Maple-Syrup Justice: Canada's AML Enforcers Liquidate 23 Crypto Firms in a Single Pour
In a move that would make a lumberjack blush, Canada's financial watchdog, FINTRAC, axed 23 crypto service providers in one fell swoop on Tuesday. Finance Minister François-Philippe Champagne, presumably sipping something stronger than Tim Hortons, hailed this "significantly increased pace of action" and promised the regulatory chopping block would remain busy.
The list of the deregistered includes two firms that thought operating from overseas would keep them off the radar. Finast, registered in Slovakia, and Commerce Plex, registered in the UK, offered the classic crypto-fiat-money-transfer trifecta, a combo pack that evidently didn't come with a compliance manual.

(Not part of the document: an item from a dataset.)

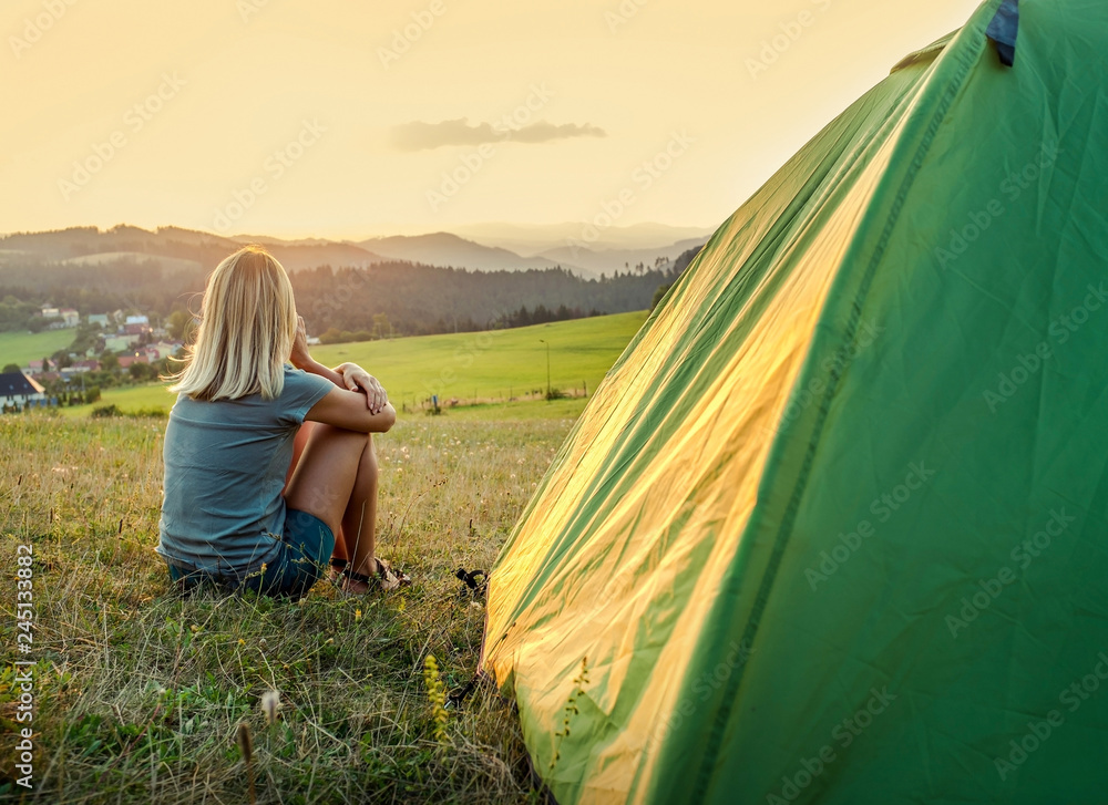 Happy woman with open arms sitting near tent around mountains under sunlight

The grounds for FINTRAC to pull a firm's ticket are about as broad as the Canadian Rockies: missing deadlines, being fundamentally ineligible, or failing to keep their records in order. It's the regulatory equivalent of getting your toque confiscated for not saying "sorry" – the rules are clear and they're being enforced.

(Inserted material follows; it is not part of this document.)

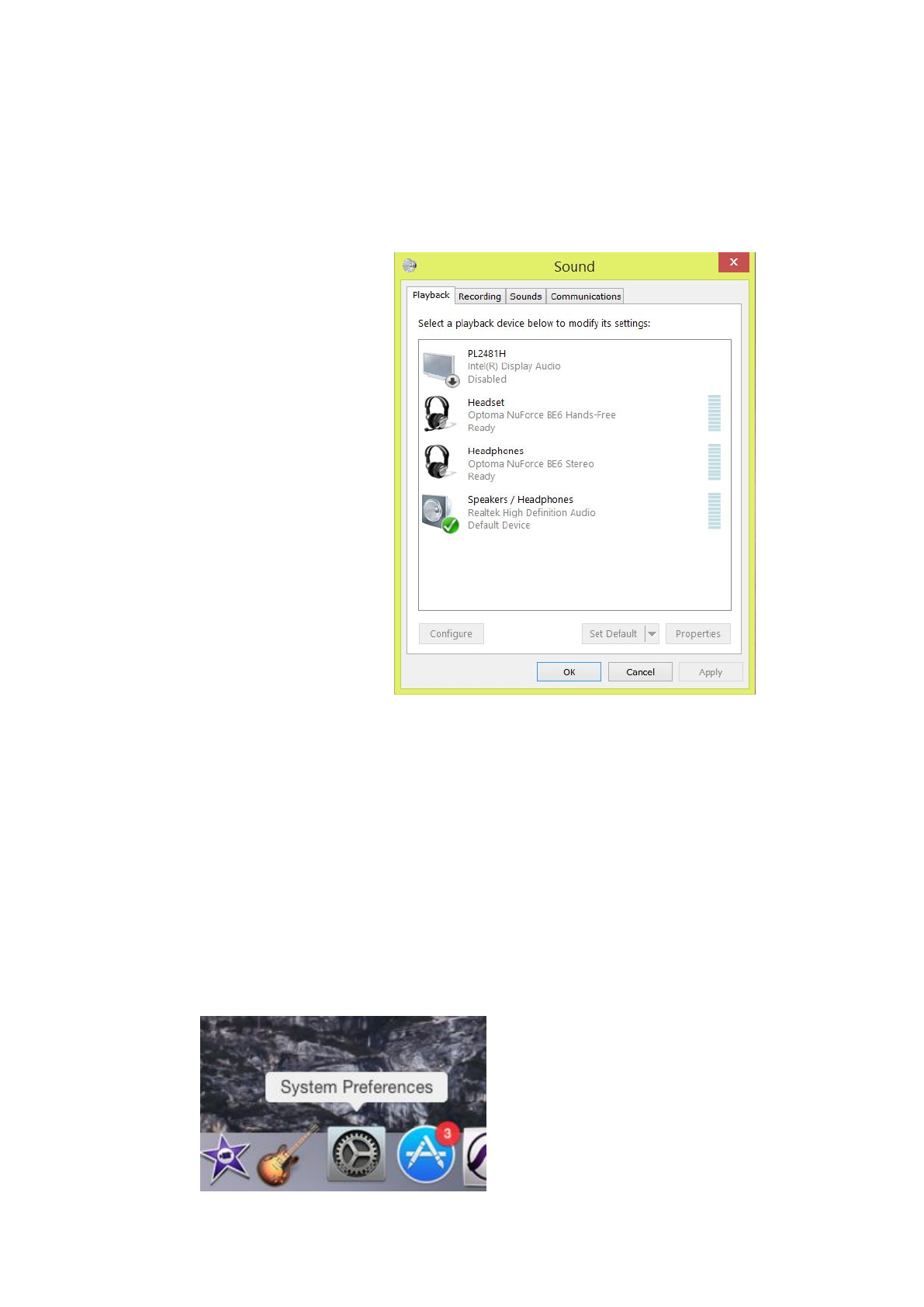 9. Click on HEADPHONES to set the “Headphones BE2” as default

This purge follows a recent spree of eye-watering penalties that have made Canada's regulatory fines look less like a slap on the wrist and more like a hockey body check. In September 2025, KuCoin was dinged a record C$19.5 million for AML failures. Then, just a month later, FINTRAC outdid itself, hitting Vancouver-based Cryptomus with a staggering C$176.9 million fine for failing to report thousands of suspicious transactions linked to some of the darkest corners of the web. Over a thousand suspicious activity reports and 1,500 other red flags were apparently left gathering digital dust.

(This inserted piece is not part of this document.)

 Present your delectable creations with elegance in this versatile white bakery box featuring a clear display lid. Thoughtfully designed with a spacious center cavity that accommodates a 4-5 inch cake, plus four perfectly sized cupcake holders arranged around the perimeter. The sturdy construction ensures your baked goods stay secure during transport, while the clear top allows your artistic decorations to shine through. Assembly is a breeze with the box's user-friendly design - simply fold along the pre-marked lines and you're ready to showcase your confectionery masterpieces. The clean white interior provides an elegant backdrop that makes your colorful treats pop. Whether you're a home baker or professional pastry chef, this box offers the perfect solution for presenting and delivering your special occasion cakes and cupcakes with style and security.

Minister Champagne issued a final warning, stating the government's gaze will remain fixed on the entire virtual-currency ecosystem, from MSBs to ATMs. The message to the industry is now crystal clear, much like a freshly tapped maple tree: in the Great White North, crypto compliance has graduated from a polite suggestion to a non-negotiable requirement. Play fast and loose, and you'll find yourself on the wrong side of the border.